Posted By on Wed, Jul 22, 2015 at 9:56 AM


It may be a sin to kill a mockingbird, but is it a sin to knock a Finch off his pedestal?

It turns out Atticus Finch was a segregationist and a bigot before he was the ideal vision of a white southerner who was able to rise above the racism of his time. Of maybe he was a segregationist and a bigot after he was that ideal man. It depends on which timeline you use.

Atticus Finch, of course, is the fictional southern lawyer in Harper Lee's wonderful novel To Kill a Mockingbird, which I read and taught many times during my career as a high school English teacher. But a few years earlier, before Lee wrote Mockingbird, she wrote Go Set a Watchman, and in that book Atticus made some statements about segregation and race you wouldn't expect from the man we learned to love in the classic novel. That means the character was conceived as a bigot before he was re-envisioned as the perfect man in Mockingbird. But Watchman is set twenty years after Mockingbird, so it was an older Atticus who showed himself to be a bigot. Before. After. The whole thing is confusing on a number of levels.

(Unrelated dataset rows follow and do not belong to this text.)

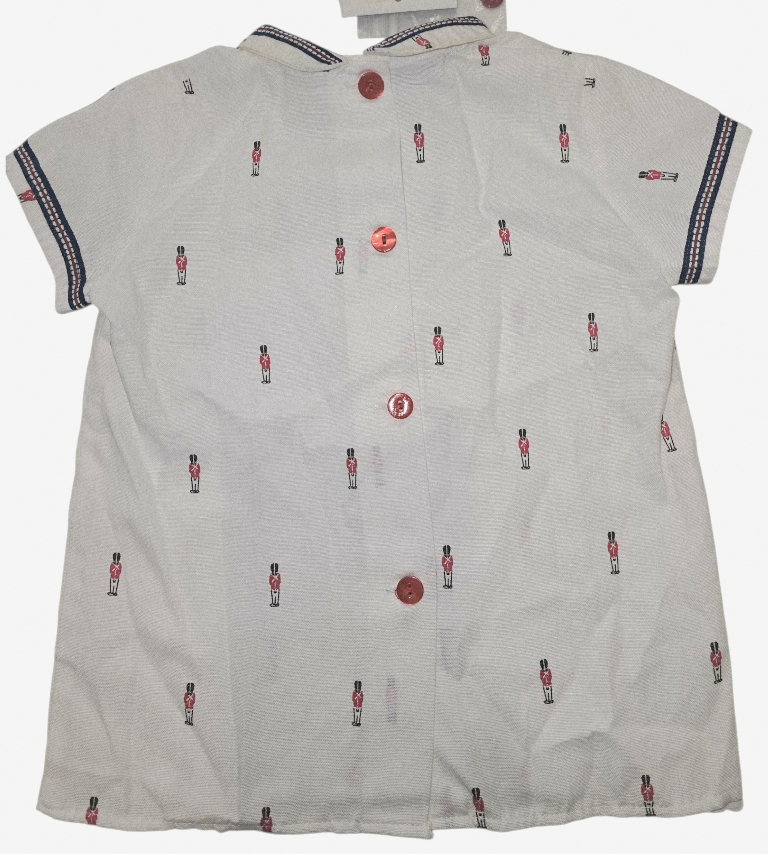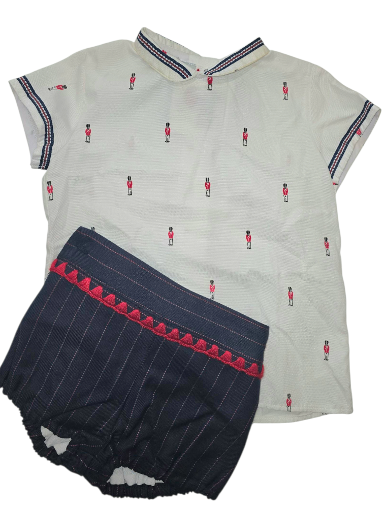 Conjunto de camisa manga corta con pantalón bombacho y jersey de lana a juego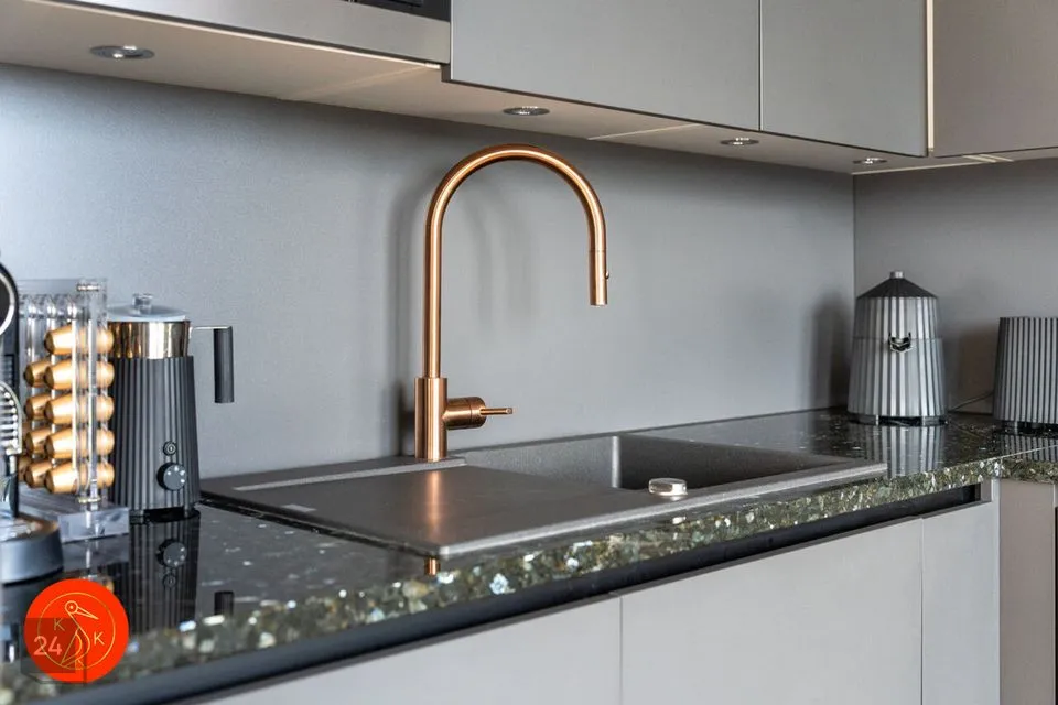 Kvaliteetsesse ja funktsionaalsesse köögimööblisse on integreeritud kõrge kvaliteedi, suurepärase ja ajatu disainiga kodumasinad: elektripliit ja praeahi, õhupuhasti, nõudepesumasin, mikrolanineahi ja külmkapp koos sügavkülmikuga.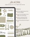 Introducing our first collection of digital stickers, Into the Fields, adding a little nostalgia and charm to your digital planning journey. Each sticker is crafted with care, bringing a touch of good luck to your new wonderful moments. From the classic icons and widgets, our stickers seamlessly blend classic nostalgia with modern flair. Embrace the classic charm of our digital stickers - your everyday expressions just got a whole lot charmer.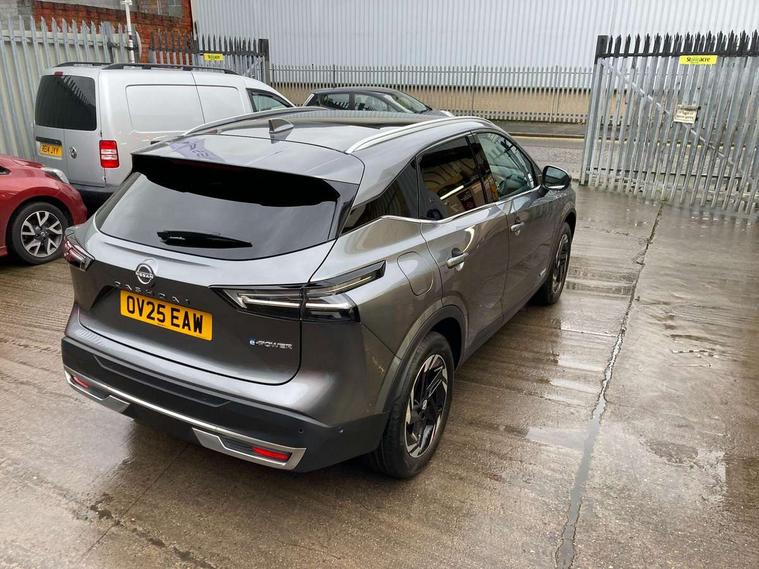 2 front USB-C ports, 2 rear USB-C ports, 360 degree Intelligent around view monitor with moving object detection, Blind spot intervention, Blind spot warning, Drive assist custom mode, Drive modes (sport, normal, eco), Driver drowsiness and attention warning, e-Pedal step, Electric speed sensitive power steering, Emergency and breakdown call, Emergency lane keep assist, Emergency Stop Signal (ESS), Engine start/stop button, EV mode switch, Event data recorder, Front and rear parking sensors, Full Digital 12.3" TFT Digital Combimeter, Google virtual personal assistance, Idle stop/start system, In-car WIFI hotspot, Intelligent Cruise control (ICC), Intelligent forward collision warning, Intelligent speed assist, Lane departure warning system, Nissan connect 12.3 inch touchscreen infotainment system, Nissan connect navigation with google maps, Nissan connect services 2.0 (Google Automotive System), Outside temperature sensor, Rear cross traffic alert, Reversing detection, Traffic jam pilot, Wireless Apple CarPlay/Android Auto, Wireless charging pad, Limited slip differential, 6 speakers, AM/FM audio system with DAB, Bluetooth audio streaming, Auto dimming frameless rear view mirror, Auto rear wiper when reversing, Body colour mirror caps, Body coloured door handles, Bodyside mouldings, Chrome side window finisher, e-POWER badging, Electric auto folding door mirrors, Electrically adjustable and heated door mirrors with LED turn indicator, Follow me home headlights, High beam assist, Intelligent auto headlights, LED 3rd brake light, LED daytime running lights, LED Headlights, LED rear lights, One touch front and rear electric windows with remote opening and closing, One touch passenger window, Partially body coloured bumpers, Rear privacy glass, Rear roof spoiler, Rear side wing doors, Rear styling plate, Shark fin antenna, Splash free rain sensing wipers, Super UV and infrared cut glass, Three blink turn signal, 3 bench rear seats in 2nd row, 3 rear headrests, 60/40 split folding rear seat bench, Chrome interior door handles, Cloth upholstery, Dark headlining, Driver seat back pocket, Dual zone automatic climate control with pollen filter, e-POWER shifter, Front door with bottle holders, Height adjustable front headrests, Luggage board system, Luggage space lighting, Multifunction steering wheel, Passenger seat back pocket, Rear door bottle holders, RGB ambient light (Full area coverage), Single front passenger seat, Smooth leather steering wheel, Tilt/telescopic adjustable steering wheel, Two rear isofix child seat anchorage points with top tether, 3x3 point rear seatbelt pretensioners + load limiters, Autonomous emergency braking, Child locks on rear doors, Curtain and front side, far side airbags, Driver and passenger airbags, Driver, passenger and 2nd row rear seat belt reminder, Electric handbrake with auto hold function, Front seatbelt pretensioners + load limiters, Height adjustable front seatbelts, Hill start assist, intelligent front emergency braking, Rear automatic braking, Tyre pressure monitoring system, Vehicle dynamic control, Engine immobiliser, Intelligent key with walk away lock and approach unlock functions, Remote central door locking with deadlocking, Thatcham alarm, 18" Diamond cut alloy wheels, Tyre puncture repair kit,

In case you haven't read any of the statements Atticus made in Watchman, which is set soon after the Brown v. Board of Education decision outlawing school segregation, here are two of his most often quoted lines.
“Do you want Negroes by the carload in our schools and churches and theaters? Do you want them in our world?”
And
"[The south should] be left alone to keep house without advice from the N.A.A.C.P.”
It's coincidental, and fortuitous, that the two dramatically different versions of Atticus Finch have been revealed at a moment when the importance of race and racism in our society is being discussed with greater candor and intensity than we've discussed it in decades. We're trying to determine how racist we are as a country, how deeply and permanently racism, structural and personal, is ingrained in our society. People are asking the question, "How far have we advanced since the bad old days of Jim Crow, or have we advanced at all?" Now, along with the police killings of black men, the massacre of black Christians in a church in Charleston, South Carolina, and the arguments about whether a flag that dates from the Confederacy is a symbol or regional pride or a celebration of slavery and racism, we have the issue encapsulated in a fictional character who most people know either from Mockingbird the novel or the very faithful film adaptation. Have we fallen in love with a man who makes us feel good because he embodies what we want to be as people and a nation, but who is actually tainted with the very bigotry he appeared to transcend? Are many of us deluded about the depth of racism in our society, which actually lurks just a few inches below the surface, ready to leap forth at the slightest provocation, as it did in Atticus when he was confronted with a new world where the rules of the old segregationist south were being challenged?

Watchman is told from the point of view of an adult woman, a 26 year old who left her small southern town and moved to New York. She returned to her home town and was shocked to hear her father, who she adored and idolized as a young girl, spouting racist, segregationist rhetoric. That book was rejected by her editor. He told her to expand on the book's flashbacks to her childhood. The result was Mockingbird, where Atticus is seen through the eyes of his adoring, innocent six year old daughter who has no concept of the complexities of the world around her and is willing to accept a simpler, more idealized version of her father and the racist world she lived in. We learned to love the six year old's version of the south portrayed in the book, because it made us feel good. That world was far from perfect, but it was redeemable. Bad things happened, but we could see the beginnings of the transformation that would make this a better, possibly even a post-racial, country. We wanted to believe that. But how  true was it then? And how true is it today? The earlier version of the book is very possibly a more accurate, and far more troubling, depiction of our world.